◆ The task:
Every line from the one holding "停火刚一落地,黎巴嫩真主党就" through the one holding "Jídelna PREO je" in the data below must be returned exactly, both ends included, with pictures left out and nothing else added.
------ Given entries ------
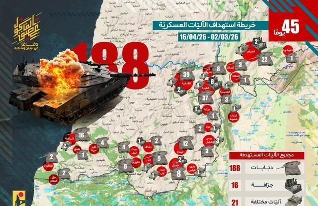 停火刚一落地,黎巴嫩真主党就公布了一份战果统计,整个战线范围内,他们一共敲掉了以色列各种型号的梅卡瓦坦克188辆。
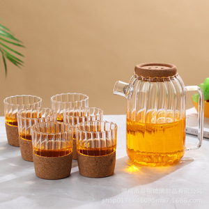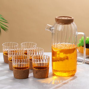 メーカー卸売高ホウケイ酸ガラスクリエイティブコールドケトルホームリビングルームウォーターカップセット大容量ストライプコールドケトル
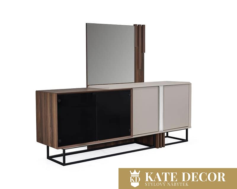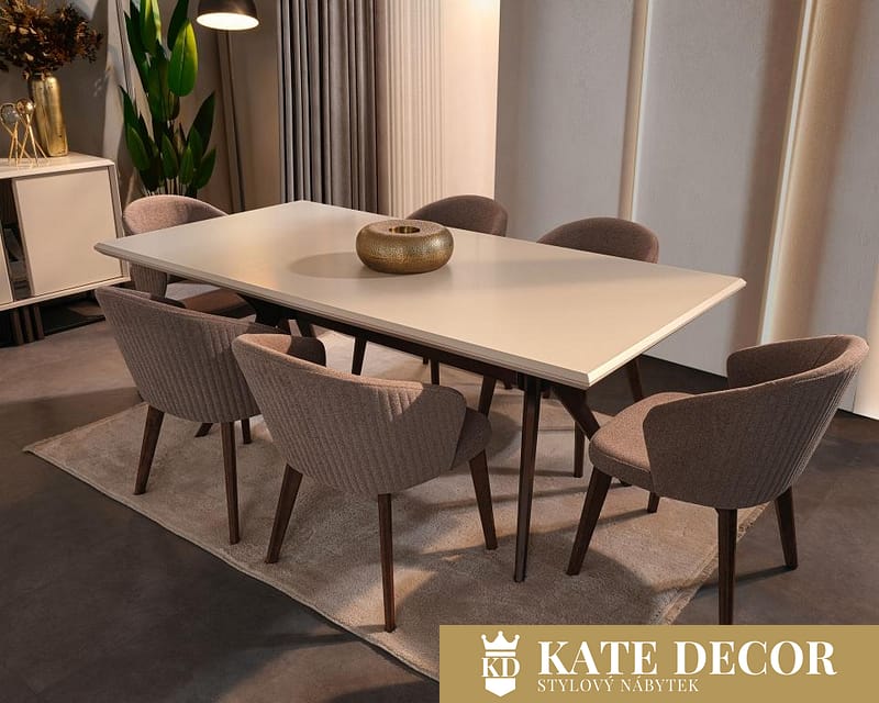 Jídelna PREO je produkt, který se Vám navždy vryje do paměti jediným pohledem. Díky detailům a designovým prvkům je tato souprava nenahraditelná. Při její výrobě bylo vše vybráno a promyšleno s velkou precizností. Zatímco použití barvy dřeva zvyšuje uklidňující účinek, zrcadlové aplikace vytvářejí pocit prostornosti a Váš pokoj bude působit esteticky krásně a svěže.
------
------ Given entries ------
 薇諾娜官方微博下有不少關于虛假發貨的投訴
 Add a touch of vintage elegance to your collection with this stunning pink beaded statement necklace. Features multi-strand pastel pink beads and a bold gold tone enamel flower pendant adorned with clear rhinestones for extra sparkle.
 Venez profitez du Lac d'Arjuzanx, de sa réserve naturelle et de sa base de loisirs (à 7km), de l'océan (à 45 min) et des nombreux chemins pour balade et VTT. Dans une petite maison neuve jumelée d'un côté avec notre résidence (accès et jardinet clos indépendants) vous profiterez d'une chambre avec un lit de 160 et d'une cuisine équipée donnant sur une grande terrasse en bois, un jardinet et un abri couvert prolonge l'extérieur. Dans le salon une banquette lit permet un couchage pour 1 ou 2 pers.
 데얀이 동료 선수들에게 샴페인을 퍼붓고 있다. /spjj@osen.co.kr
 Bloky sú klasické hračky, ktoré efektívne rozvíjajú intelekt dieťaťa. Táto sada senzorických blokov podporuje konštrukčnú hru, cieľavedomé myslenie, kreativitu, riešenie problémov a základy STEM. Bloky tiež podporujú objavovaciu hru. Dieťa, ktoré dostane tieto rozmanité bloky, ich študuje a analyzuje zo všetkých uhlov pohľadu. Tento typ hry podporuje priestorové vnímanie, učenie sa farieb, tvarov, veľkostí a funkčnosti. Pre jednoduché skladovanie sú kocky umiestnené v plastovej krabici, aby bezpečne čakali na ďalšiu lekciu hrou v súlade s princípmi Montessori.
------
------ Given entries ------
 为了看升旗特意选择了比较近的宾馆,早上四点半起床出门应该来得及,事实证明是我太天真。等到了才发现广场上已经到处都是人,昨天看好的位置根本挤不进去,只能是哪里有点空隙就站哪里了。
------
◆ Expected answer:
 停火刚一落地,黎巴嫩真主党就公布了一份战果统计,整个战线范围内,他们一共敲掉了以色列各种型号的梅卡瓦坦克188辆。
 メーカー卸売高ホウケイ酸ガラスクリエイティブコールドケトルホームリビングルームウォーターカップセット大容量ストライプコールドケトル
 Jídelna PREO je produkt, který se Vám navždy vryje do paměti jediným pohledem. Díky detailům a designovým prvkům je tato souprava nenahraditelná. Při její výrobě bylo vše vybráno a promyšleno s velkou precizností. Zatímco použití barvy dřeva zvyšuje uklidňující účinek, zrcadlové aplikace vytvářejí pocit prostornosti a Váš pokoj bude působit esteticky krásně a svěže.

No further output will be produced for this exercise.